Beyond a pair of wrought iron gates near Kew Palace lies the Tropical Nursery. This is where Kew holds its reserve scientific collections and cultivates plants for use in displays within the Palm House, Temperate House, Waterlily House and Princess of Wales conservatories.
The Lower Nursery
Did you know?
- When Kew staff draw up protocols for cultivating rare species, the Tropical Nursery staff are often called upon to propagate those plants and send them back to their place of origin. For example, after populations the café marron (Ramosmania rodriguesii) dwindled to just one plant on the Mauritian island of Rodrigues, Kew staff successfully propagated it to ensure the survival of the species. There are now several healthy plants growing in the Tropical Nursery and some have been sent back to Rodrigues.
- The Tropical Nursery opens its doors once a year to the public.
- The Tropical nursery is the largest span of glass at Kew.
Behind the scenes
The nursery provides facilities for propagating, establishing and growing on plants from various habitats within the world’s tropical and subtropical regions. There are over 45,000 plants held here at any one time. The plants are produced to support the public conservatories for educational purposes and may by used for scientific purposes by visiting and Kew scientists.
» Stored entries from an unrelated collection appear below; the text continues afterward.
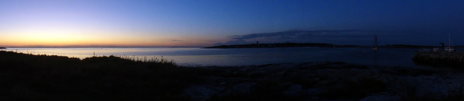 An explanation: the bridge passes over Badger Island (home of the houses with the floats hanging from them) then on to Kittery, a town in Maine. Which is famous for blueberries, and has a lovely Mexican restaurant which serves, as you see, colorful blueberry margaritas where I passed time until my boat – yes, that very same boat seen waiting to pass under the bridge – left for the island. I just loved the colors! And the taste was fine, too…)
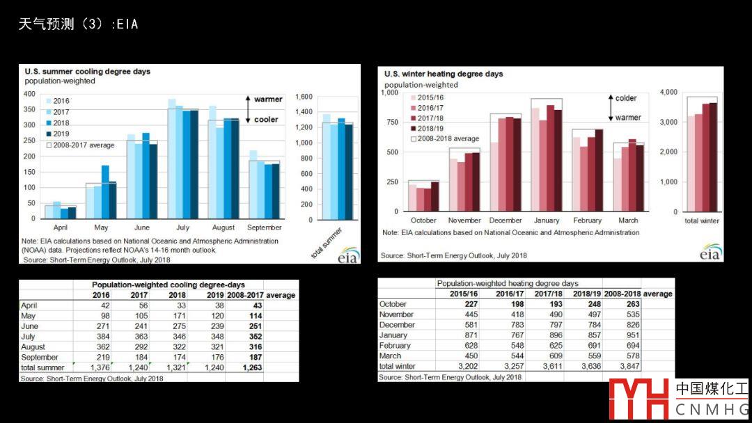 上面這是EIA的HDD和CDD的預測,根據(jù)它的判斷,今年夏季不如去年夏天熱,但是今年冬天恐怕比去年冷一些。
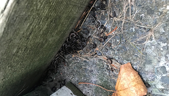 6718. Please zoom in and see what these are. They are multiplying on my walkway and huddle together. Is this some time of snake? St. Johns, NL. Canada
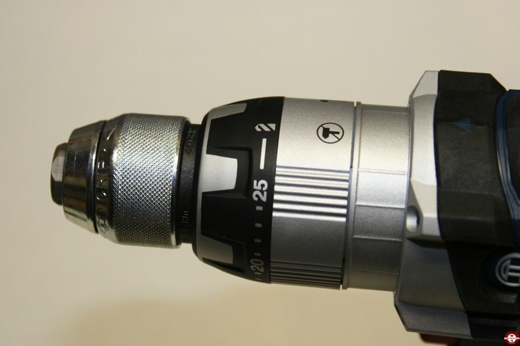 Le test avec un foret à spirale 20×1000 dans du bois dur sont concluants. Avec ses 1800 tr/min le perçage dans l’acier ne lui pose pas de problèmes, le mandrin assure une bonne prise du foret HSS. Venons au test de la fonction percussion. Nous avons réalisé des tests avec des trous de 6,8,10,12 et 14mm dans différents matériaux (brique, parpaing...).

The nursery covers an area of 6,500m2 and is divided into 21 climatic environments that are separately controlled and monitored by a ‘climatic computer’. These zones are collected under four units: Cacti and Succulents, Moist Tropics, Orchids, plus Temperate and Conservation Collections. The large wide-span complex is heated by nine gas-fired boilers, although not all are used together. The nursery is supplied with water filtered by a process called ‘reverse osmosis’ for irrigation and misting. The water is stored in a large tank potentially holding 60,000 gallons. It passes through an ultra-violet filter before being used.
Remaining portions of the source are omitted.